Я встаю, дрожа. Меня учили никогда не оставлять кого-то, и я не могу просто сидеть здесь и ждать. Это не правильно. Возможно, он ранен.
— Я собираюсь пойти за ним, он мог потерять сознание или еще хуже…
— Нет, — говорит Эрик, хватая меня за руку. — Это опасно.
— Я не оставлю его, Эрик! — кричу я. — Это не твой выбор.
Я прохожу вперед, и тогда происходит это. Взрыв. Я как раз хватаюсь за весла, чтобы грести обратно к яхте, когда до нас доносится звук, рвущий барабанные перепонки. Пламя с шумом вырывается из-под палубы, и черный дым наполняет небо. Я знаю, что кричу, и знаю, что Эрик отталкивает меня назад, пока я пытаюсь броситься вперед. Я извиваюсь в его объятиях, умоляя и задыхаясь. Огонь ревет на палубе, и прямо на наших глазах яхта начинает разваливаться. Как может что-то гореть посреди воды? Это безжалостно.
— Пожалуйста, — скулю я. — Эрик…
— Его больше нет, — шепчет он. — Он не мог этого пережить. Индиго, нам нужно отплыть подальше. Если эта штука еще раз взорвется… мы тоже умрем.
— Помощь придет сюда, — бормочу я, дрожа. — Мы не можем далеко уйти.
— Мы должны грести подальше отсюда!
— Нет, Эрик! — кричу я.
— Индиго, посмотри на меня! — кричит он, разворачивая меня. — Прямо сейчас ты должна довериться мне.
— Он может быть жив!
— Ты видишь это пламя? — гаркает он. — Его нет в живых.
— Эрик!
Он тянет меня вниз и обнимает, пряча у себя на груди.
— Ты должна мне доверять. Т-ш-ш, Индиго.
Я закрываю глаза, и слезы текут по моему лицу. Больно. Мне настолько больно, что меня тошнит. Мое тело трясет, и я сжимаю Эрика, как будто он единственный, кто держит меня в живых. Наверное, сейчас так оно и есть. Я слышу еще взрывы, немного слабее, и я сильнее сжимаю веки. Я не хочу их открывать. Я не могу. Я просто держусь за Эрика и пытаюсь избавиться от ужаса, происходящего прямо передо мной.

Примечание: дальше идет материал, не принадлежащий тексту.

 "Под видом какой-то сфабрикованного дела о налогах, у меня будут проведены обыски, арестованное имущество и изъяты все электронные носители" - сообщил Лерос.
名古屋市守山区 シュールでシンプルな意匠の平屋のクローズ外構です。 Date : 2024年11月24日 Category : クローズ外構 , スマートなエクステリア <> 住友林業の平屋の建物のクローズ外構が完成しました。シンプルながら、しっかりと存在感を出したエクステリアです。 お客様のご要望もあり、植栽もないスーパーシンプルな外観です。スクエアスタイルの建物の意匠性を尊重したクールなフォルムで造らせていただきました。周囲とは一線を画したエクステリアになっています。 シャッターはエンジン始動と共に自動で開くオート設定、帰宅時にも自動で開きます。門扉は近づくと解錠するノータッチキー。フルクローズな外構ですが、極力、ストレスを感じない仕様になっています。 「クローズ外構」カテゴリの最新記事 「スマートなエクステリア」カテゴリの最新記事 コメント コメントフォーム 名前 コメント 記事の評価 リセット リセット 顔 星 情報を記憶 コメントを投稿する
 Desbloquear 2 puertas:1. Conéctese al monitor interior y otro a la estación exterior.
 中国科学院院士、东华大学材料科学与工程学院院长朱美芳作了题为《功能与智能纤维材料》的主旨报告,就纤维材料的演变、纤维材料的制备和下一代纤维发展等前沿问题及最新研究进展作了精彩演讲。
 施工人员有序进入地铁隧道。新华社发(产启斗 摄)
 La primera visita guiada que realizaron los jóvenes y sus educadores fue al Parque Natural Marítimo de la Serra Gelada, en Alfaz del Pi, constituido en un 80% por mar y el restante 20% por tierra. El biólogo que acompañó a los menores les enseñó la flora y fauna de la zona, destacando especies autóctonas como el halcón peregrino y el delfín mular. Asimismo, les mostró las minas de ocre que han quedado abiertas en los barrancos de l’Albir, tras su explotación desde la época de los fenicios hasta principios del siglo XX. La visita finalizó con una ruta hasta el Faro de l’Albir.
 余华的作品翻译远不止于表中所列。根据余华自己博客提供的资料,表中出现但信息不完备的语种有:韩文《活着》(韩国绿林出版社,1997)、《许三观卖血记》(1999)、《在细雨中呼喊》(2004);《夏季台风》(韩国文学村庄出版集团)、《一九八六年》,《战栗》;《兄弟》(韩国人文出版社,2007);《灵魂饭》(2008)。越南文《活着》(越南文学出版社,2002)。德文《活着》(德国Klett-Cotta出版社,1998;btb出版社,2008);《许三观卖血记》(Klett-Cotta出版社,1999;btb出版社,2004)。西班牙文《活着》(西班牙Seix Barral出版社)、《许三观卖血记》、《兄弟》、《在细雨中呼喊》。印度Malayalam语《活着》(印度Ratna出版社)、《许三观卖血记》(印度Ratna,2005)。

В конце концов, этот ужас одолевает меня.
И я теряю сознание.
Йо-хо, жизнь пирата по мне!
Два дня мы находимся в океане, два долгих-долгих дня. Эрик совершил ошибку в том, что отгреб слишком далеко, и мы потеряли из виду яхту. Каждый день мы ждали вертолет или спасательный катер. Никто не пришел. Мы плыли без пищи, без воды и без защиты от солнца. Моя кожа начала облазить к концу первого же дня. В попытке прикрыть меня, Эрик дал мне свою рубашку, но я прекратила это, вернув ее обратно, когда увидела, что его кожа тоже покрывается волдырями.
Два дня без воды на пылающем солнце, и мое горло, сухое и воспаленное, печет. Мое тело ослабло. Моя кожа сожжена. Мое сердце болит. Я боюсь за свою жизнь и жизнь Эрика. Для нас нет спасенья. Если только кто-нибудь нас не найдет… но что, если они этого не сделают? Боже, что, если это и есть наш конец? Я не хочу так умирать. Это совсем не то, как я представляла себе. Я думала, что достигну преклонного возраста, и у меня будут дети. А не то, что стану гниющим мешком костей на севшей на мель лодке в океане. У меня есть с собой телефон, но здесь нет связи, и батарея уже давно умерла.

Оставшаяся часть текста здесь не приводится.